## What is being asked
The response must consist of the records below, copied exactly.

## Records to use
============

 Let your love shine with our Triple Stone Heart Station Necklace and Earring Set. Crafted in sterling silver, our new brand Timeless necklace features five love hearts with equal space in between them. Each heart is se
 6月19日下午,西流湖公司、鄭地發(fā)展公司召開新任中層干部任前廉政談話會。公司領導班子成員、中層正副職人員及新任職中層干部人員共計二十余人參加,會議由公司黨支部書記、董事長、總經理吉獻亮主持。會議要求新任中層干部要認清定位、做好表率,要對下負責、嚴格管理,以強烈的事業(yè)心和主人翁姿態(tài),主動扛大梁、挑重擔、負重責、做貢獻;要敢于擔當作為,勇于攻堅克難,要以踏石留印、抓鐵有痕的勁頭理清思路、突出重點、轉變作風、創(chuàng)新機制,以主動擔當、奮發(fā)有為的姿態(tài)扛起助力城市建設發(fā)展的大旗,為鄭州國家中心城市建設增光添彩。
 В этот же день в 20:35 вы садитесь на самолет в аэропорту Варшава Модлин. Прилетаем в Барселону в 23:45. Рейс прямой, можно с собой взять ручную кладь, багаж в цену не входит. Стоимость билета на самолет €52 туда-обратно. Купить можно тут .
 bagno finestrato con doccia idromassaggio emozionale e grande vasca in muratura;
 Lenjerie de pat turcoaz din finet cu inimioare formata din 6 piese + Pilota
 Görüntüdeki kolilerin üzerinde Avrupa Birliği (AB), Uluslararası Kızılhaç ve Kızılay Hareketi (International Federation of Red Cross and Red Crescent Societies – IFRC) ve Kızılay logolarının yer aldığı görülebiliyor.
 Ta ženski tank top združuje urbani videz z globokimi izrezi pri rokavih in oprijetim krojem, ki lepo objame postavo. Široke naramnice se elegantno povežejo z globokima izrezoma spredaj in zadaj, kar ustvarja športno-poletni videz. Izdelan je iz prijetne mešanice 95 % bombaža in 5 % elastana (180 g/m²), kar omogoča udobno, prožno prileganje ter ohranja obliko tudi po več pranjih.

============

## Response box
 Let your love shine with our Triple Stone Heart Station Necklace and Earring Set. Crafted in sterling silver, our new brand Timeless necklace features five love hearts with equal space in between them. Each heart is se
 6月19日下午,西流湖公司、鄭地發(fā)展公司召開新任中層干部任前廉政談話會。公司領導班子成員、中層正副職人員及新任職中層干部人員共計二十余人參加,會議由公司黨支部書記、董事長、總經理吉獻亮主持。會議要求新任中層干部要認清定位、做好表率,要對下負責、嚴格管理,以強烈的事業(yè)心和主人翁姿態(tài),主動扛大梁、挑重擔、負重責、做貢獻;要敢于擔當作為,勇于攻堅克難,要以踏石留印、抓鐵有痕的勁頭理清思路、突出重點、轉變作風、創(chuàng)新機制,以主動擔當、奮發(fā)有為的姿態(tài)扛起助力城市建設發(fā)展的大旗,為鄭州國家中心城市建設增光添彩。
 В этот же день в 20:35 вы садитесь на самолет в аэропорту Варшава Модлин. Прилетаем в Барселону в 23:45. Рейс прямой, можно с собой взять ручную кладь, багаж в цену не входит. Стоимость билета на самолет €52 туда-обратно. Купить можно тут .
 bagno finestrato con doccia idromassaggio emozionale e grande vasca in muratura;
 Lenjerie de pat turcoaz din finet cu inimioare formata din 6 piese + Pilota
 Görüntüdeki kolilerin üzerinde Avrupa Birliği (AB), Uluslararası Kızılhaç ve Kızılay Hareketi (International Federation of Red Cross and Red Crescent Societies – IFRC) ve Kızılay logolarının yer aldığı görülebiliyor.
 Ta ženski tank top združuje urbani videz z globokimi izrezi pri rokavih in oprijetim krojem, ki lepo objame postavo. Široke naramnice se elegantno povežejo z globokima izrezoma spredaj in zadaj, kar ustvarja športno-poletni videz. Izdelan je iz prijetne mešanice 95 % bombaža in 5 % elastana (180 g/m²), kar omogoča udobno, prožno prileganje ter ohranja obliko tudi po več pranjih.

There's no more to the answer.